NEW YORK (Reuters Health)—Interleukin (IL) 1 beta is a key player in the osteoarthritis (OA) inflammatory process and inhibiting it may help slow the disease process, according to an exploratory analysis of data from the CANTOS trial.1
CANTOS participants who were treated with the IL-1-beta inhibitor canakinumab had a significantly lower rate of total hip or total knee replacements over an average follow up of nearly four years.
This intriguing finding deserves further investigation in developing potential disease-modifying osteoarthritis drugs, write the authors of an editorial published with the study in Annals of Internal Medicine.2
CANTOS had shown that canakinumab (150 or 300 mg of subcutaneous canakinumab taken every three months for up to five years) significantly reduced cardiovascular events in patients with a history of myocardial infarction and elevated high-sensitivity C-reactive protein (hsCRP), with the greatest benefit in those with the most robust reductions in hs-CRP and IL-6.
“CANTOS therefore provided a unique opportunity to explore the effects of IL-1-targeted therapy versus placebo on incidence rates of total hip or total knee replacement surgeries,” notes Paul Ridker, MD, MPH, of Brigham and Women’s Hospital and Harvard Medical School in Boston and colleagues.
The osteoarthritis data from the trial, they now report, show that with a median follow-up of 3.7 years, the combined incidence rates of total hip or knee replacement were 40% to 47% lower with canakinumab than placebo.
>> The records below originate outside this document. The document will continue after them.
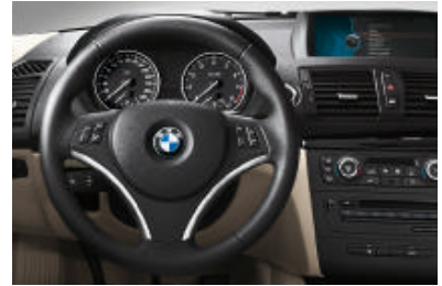
Met leder bekleed multifunctioneel sportstuur met geïntegreerde toetsen (diameter 369 mm), driespaaks. Met de toetsen kunnen tijdens het rijden bijvoorbeeld radio en telefoon (optie) worden bediend.

Stuurwielverwarming voor met leder bekleed multifunctioneel sportstuur: verwarmt met een druk op de knop binnen korte tijd de stuurwielkrans; zeer aangenaam in de winter.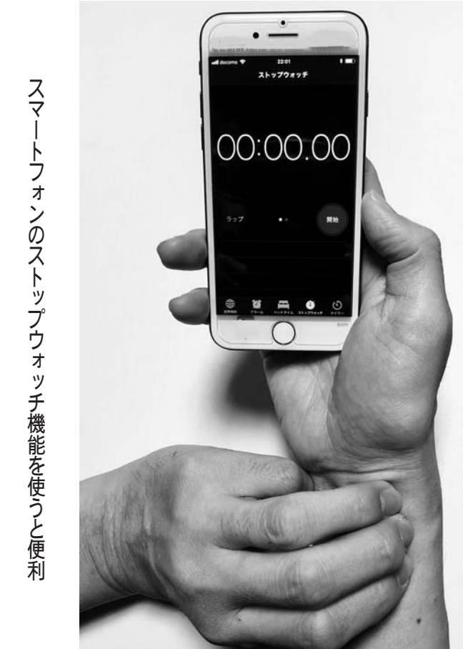
スマートフォンのストップウォッチ機能を使うと便利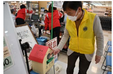
さい帯血バンクへ募金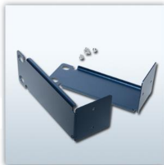
19인치 랙 키트 (옵션)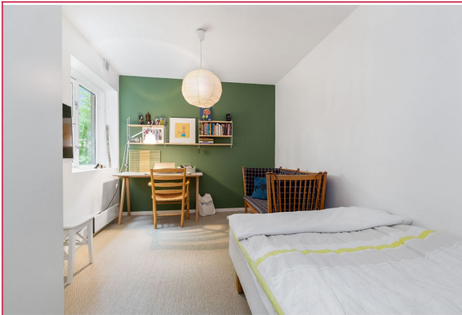
Soverom 2 med god plass til seng, kontorpult etc. Garderobeskap følger med.

The hazard ratios (HRs) were 0.60 (95% confidence interval (CI), 0.38 to 0.95) with 50 mg canakinumab, 0.53 (95% CI, 0.33 to 0.84) for the 150 mg group and 0.60 (95% CI, 0.38 to 0.93) for the 300 mg group.
In the pooled canakinumab groups, compared with the placebo group, incidence rates for total hip or total knee replacement were 0.31 and 0.54 events per 100 person-years, respectively (HR: 0.58; 95% CI, 0.42 to 0.80).
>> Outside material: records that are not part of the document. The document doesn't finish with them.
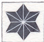
麻 あさ の葉 は あさ は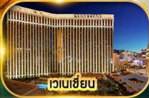
เวเนเซียน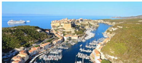
Restaurant l'O2 Mer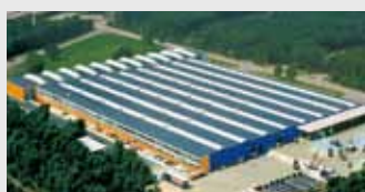
Hörmann Genk NV, Бельгия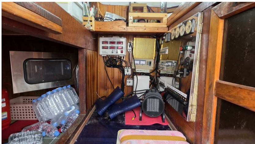
본건 조타실 전경(3)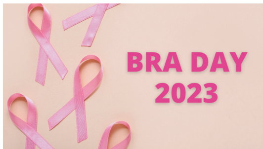
La giornata mondiale di informazione sulla ricostruzione mammaria

In occasione del mese dedicato alla prevenzione del tumore al seno, mercoledì 18 ottobre ha avuto luogo l'iniziativa promossa da SICPRE (Società Italiana di Chirurgia Plastica Ricostruttiva Rigenerativa ed Estetica) volta a promuovere l'importanza della ricostruzione mammaria. Un evento online dal titolo "L'unione fa la forza" a cui hanno aderito anche gli specialisti dei migliori centri ospedalieri specializzati italiani. Sono circa 60.000 all'anno i nuovi casi di tumore al seno: la neoplasia più frequente nelle donne a tutte le età. Promuovere informazione e consapevolezza su questo tumore – dai fattori di rischio, ai trattamenti che abbiamo

The apparent protective effect of canakinumab on total hip or total knee replacement surgeries was evident after only one year of treatment. The benefit of canakinumab remained statistically significant when patients with a history of crystalline or inflammatory arthritis were excluded.
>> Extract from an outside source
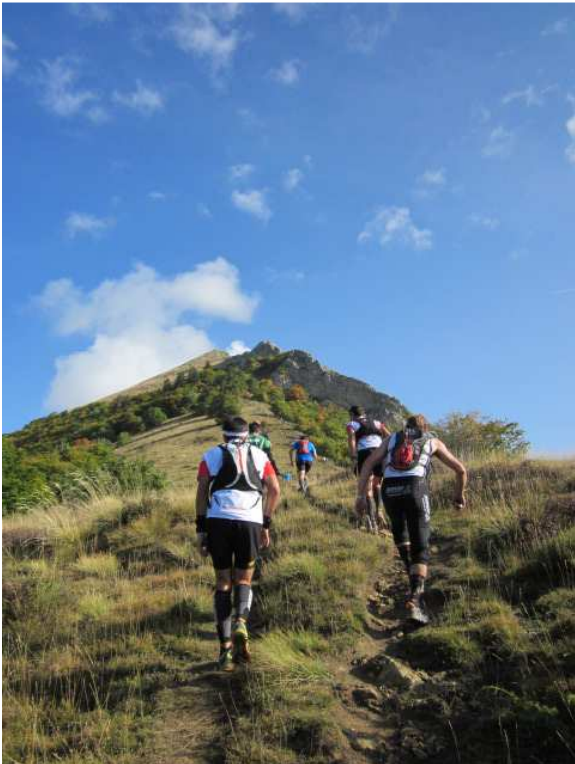
Pleins de surprises m'attendent...

Treatment with canakinumab was also associated with fewer OA-related symptoms during follow up.
However, the authors caution that the number of women in the trial was relatively low, which is a concern given that knee OA largely affects older women.
Editorialists Nancy Lane, MD, of UC Davis Health in Sacramento, Calif., and David Felson, MD, MPH, of Boston University School of Medicine say the results of this exploratory analysis are “both unexpected and exciting” and using elevated hsCRP level as an entry criterion is a novel aspect of the trial design.